→ Work item
Lines from the line with "A kitüntetést a" to the line with "Für Neu- und" in the entries below, and only those, must be output exactly, with both ends included.

[Stored dataset items]
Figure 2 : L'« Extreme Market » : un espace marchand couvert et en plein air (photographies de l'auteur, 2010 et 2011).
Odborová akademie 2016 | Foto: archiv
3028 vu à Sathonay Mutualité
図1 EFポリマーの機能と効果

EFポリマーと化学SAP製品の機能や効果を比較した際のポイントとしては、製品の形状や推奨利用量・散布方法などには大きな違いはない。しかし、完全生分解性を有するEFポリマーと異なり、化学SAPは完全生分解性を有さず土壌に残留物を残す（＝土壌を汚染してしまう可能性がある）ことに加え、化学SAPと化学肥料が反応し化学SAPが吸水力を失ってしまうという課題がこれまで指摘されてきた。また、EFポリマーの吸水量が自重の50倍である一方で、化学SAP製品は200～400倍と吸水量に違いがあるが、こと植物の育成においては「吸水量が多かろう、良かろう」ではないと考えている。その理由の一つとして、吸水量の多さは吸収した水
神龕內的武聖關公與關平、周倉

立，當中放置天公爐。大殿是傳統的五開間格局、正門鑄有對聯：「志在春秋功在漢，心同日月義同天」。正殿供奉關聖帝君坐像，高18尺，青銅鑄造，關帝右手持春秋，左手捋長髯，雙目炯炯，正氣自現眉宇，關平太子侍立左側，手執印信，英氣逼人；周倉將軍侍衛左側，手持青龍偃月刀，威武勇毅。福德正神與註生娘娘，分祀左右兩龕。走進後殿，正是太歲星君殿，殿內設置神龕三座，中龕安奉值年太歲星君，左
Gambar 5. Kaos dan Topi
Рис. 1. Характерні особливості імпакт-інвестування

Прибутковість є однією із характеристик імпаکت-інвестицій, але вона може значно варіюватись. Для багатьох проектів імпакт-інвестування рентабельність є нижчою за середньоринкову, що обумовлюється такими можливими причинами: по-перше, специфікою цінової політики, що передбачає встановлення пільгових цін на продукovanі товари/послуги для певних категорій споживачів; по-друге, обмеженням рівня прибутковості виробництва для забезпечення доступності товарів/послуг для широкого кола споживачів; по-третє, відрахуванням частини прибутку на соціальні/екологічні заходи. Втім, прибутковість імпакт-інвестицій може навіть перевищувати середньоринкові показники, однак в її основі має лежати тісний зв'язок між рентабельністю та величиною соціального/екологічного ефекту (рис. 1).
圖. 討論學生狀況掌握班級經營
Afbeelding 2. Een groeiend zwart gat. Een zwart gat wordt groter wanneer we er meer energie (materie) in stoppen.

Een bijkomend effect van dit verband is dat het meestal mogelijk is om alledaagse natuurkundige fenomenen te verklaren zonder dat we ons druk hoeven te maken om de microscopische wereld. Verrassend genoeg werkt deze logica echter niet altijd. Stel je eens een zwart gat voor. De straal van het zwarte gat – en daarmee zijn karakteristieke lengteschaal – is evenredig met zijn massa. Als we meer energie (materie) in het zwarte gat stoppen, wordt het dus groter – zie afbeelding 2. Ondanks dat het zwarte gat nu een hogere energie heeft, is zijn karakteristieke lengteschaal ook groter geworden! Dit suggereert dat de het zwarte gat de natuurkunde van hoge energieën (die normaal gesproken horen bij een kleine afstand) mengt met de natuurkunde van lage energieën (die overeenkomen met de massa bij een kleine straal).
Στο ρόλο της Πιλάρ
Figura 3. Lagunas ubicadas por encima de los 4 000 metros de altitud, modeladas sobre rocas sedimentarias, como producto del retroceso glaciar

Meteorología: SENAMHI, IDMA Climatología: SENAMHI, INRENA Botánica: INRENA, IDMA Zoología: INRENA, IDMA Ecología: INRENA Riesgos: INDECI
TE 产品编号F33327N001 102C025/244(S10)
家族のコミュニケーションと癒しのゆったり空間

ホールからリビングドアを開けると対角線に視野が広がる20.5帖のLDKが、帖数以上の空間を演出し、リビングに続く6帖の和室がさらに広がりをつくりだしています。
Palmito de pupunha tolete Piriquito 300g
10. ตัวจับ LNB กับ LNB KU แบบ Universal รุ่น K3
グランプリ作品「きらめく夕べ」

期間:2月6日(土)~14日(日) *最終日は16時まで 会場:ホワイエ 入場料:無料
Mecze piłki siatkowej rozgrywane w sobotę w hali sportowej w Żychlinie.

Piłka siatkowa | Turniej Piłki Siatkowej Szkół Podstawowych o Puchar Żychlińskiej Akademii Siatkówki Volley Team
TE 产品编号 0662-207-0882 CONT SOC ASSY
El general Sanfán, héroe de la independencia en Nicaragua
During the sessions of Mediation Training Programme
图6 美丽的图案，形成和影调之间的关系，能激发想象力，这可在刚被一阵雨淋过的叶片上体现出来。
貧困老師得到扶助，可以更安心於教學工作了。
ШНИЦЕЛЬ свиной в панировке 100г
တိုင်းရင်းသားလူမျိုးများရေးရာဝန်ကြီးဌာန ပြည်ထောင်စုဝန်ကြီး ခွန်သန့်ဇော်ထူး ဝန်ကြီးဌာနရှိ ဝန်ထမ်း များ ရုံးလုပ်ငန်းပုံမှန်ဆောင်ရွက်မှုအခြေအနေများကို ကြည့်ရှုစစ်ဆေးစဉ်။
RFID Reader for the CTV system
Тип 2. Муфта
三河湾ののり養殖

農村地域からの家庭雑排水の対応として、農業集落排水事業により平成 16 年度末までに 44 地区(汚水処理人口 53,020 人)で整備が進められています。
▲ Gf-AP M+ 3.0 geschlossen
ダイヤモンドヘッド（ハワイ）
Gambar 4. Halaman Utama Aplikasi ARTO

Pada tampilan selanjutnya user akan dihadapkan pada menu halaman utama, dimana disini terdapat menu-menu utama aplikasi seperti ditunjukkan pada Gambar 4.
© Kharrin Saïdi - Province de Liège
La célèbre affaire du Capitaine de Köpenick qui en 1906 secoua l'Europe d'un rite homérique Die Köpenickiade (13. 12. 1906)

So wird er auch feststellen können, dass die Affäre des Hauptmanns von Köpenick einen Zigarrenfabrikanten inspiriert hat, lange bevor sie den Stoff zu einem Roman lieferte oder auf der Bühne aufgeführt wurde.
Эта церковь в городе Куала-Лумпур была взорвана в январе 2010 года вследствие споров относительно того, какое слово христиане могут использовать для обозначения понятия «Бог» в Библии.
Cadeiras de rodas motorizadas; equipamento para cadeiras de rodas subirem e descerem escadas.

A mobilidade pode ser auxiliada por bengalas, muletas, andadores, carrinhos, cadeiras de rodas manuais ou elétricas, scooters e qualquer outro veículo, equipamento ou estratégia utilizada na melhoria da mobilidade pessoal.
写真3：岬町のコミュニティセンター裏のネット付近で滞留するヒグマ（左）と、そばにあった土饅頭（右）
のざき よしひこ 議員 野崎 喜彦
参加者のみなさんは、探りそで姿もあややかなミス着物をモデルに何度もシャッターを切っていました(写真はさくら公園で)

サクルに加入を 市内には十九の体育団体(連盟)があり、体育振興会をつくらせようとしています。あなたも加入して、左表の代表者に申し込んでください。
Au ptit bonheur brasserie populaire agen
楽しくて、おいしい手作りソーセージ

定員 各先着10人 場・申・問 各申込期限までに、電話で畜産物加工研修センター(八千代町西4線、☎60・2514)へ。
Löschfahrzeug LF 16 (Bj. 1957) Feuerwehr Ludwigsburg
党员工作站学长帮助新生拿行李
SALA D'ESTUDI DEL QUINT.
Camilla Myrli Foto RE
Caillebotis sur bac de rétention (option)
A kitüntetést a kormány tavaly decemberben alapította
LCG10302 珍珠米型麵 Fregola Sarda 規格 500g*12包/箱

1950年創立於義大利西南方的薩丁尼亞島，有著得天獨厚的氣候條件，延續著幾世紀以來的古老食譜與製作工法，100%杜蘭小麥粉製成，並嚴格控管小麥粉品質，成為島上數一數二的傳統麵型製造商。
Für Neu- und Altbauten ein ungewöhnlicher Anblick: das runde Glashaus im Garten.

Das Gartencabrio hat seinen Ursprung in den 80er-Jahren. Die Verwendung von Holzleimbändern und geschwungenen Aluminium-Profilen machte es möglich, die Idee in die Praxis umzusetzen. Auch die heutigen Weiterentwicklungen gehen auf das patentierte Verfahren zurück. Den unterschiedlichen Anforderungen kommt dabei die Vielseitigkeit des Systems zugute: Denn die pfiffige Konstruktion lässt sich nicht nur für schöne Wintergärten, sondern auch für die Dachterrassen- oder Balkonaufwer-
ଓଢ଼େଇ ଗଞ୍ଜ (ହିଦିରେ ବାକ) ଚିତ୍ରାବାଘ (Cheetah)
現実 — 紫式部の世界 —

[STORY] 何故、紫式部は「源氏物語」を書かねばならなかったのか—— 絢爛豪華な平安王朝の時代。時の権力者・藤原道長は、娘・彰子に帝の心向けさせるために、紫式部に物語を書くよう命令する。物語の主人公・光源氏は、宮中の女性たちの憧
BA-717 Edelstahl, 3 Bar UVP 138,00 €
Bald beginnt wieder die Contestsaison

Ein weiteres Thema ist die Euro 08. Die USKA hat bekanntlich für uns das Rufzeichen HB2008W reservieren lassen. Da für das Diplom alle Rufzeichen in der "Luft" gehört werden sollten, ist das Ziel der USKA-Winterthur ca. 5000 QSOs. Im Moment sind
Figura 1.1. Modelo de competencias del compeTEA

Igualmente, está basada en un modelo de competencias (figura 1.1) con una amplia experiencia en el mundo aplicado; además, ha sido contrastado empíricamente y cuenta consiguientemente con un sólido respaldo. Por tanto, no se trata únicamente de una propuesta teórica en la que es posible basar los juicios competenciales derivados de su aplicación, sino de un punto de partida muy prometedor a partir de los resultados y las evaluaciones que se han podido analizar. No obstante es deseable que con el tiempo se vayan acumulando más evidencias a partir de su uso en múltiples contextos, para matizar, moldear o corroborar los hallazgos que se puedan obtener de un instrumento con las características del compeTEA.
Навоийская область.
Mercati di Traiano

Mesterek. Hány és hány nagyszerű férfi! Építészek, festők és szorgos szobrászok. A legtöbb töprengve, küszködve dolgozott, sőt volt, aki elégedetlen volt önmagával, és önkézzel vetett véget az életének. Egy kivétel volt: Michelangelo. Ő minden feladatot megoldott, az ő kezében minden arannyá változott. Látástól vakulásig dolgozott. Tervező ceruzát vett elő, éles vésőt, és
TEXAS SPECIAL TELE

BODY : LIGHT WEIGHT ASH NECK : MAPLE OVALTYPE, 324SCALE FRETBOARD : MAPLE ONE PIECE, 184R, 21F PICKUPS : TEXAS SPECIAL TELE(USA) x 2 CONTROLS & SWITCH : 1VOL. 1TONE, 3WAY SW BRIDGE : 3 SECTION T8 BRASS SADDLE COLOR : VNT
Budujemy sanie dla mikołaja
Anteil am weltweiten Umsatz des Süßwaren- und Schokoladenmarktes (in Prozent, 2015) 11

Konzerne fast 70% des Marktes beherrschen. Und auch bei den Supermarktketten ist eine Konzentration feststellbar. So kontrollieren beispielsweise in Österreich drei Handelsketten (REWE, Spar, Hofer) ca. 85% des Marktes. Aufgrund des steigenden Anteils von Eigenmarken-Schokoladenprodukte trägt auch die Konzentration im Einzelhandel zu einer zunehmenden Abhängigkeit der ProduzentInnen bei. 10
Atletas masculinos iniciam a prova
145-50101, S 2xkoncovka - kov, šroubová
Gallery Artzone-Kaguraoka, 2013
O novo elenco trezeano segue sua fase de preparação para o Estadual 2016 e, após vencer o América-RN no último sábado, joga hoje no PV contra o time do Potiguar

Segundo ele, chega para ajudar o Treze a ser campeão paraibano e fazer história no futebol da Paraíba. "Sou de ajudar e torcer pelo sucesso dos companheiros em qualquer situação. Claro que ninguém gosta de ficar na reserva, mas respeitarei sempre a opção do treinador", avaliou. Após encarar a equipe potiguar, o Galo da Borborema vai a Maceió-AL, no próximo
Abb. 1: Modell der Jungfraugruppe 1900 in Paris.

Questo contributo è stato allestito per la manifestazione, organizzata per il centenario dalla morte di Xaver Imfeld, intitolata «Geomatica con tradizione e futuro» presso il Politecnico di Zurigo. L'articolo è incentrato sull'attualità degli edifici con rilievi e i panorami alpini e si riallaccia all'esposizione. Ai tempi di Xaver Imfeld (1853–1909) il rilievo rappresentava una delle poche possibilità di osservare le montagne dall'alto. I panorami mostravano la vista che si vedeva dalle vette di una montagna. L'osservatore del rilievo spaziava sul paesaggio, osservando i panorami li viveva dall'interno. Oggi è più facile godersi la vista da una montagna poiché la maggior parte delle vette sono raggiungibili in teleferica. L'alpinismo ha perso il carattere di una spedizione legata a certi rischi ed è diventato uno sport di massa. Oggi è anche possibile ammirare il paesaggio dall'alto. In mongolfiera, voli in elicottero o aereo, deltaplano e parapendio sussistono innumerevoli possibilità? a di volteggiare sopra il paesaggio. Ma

→ Finished exercise
A kitüntetést a kormány tavaly decemberben alapította
LCG10302 珍珠米型麵 Fregola Sarda 規格 500g*12包/箱

1950年創立於義大利西南方的薩丁尼亞島，有著得天獨厚的氣候條件，延續著幾世紀以來的古老食譜與製作工法，100%杜蘭小麥粉製成，並嚴格控管小麥粉品質，成為島上數一數二的傳統麵型製造商。
Für Neu- und Altbauten ein ungewöhnlicher Anblick: das runde Glashaus im Garten.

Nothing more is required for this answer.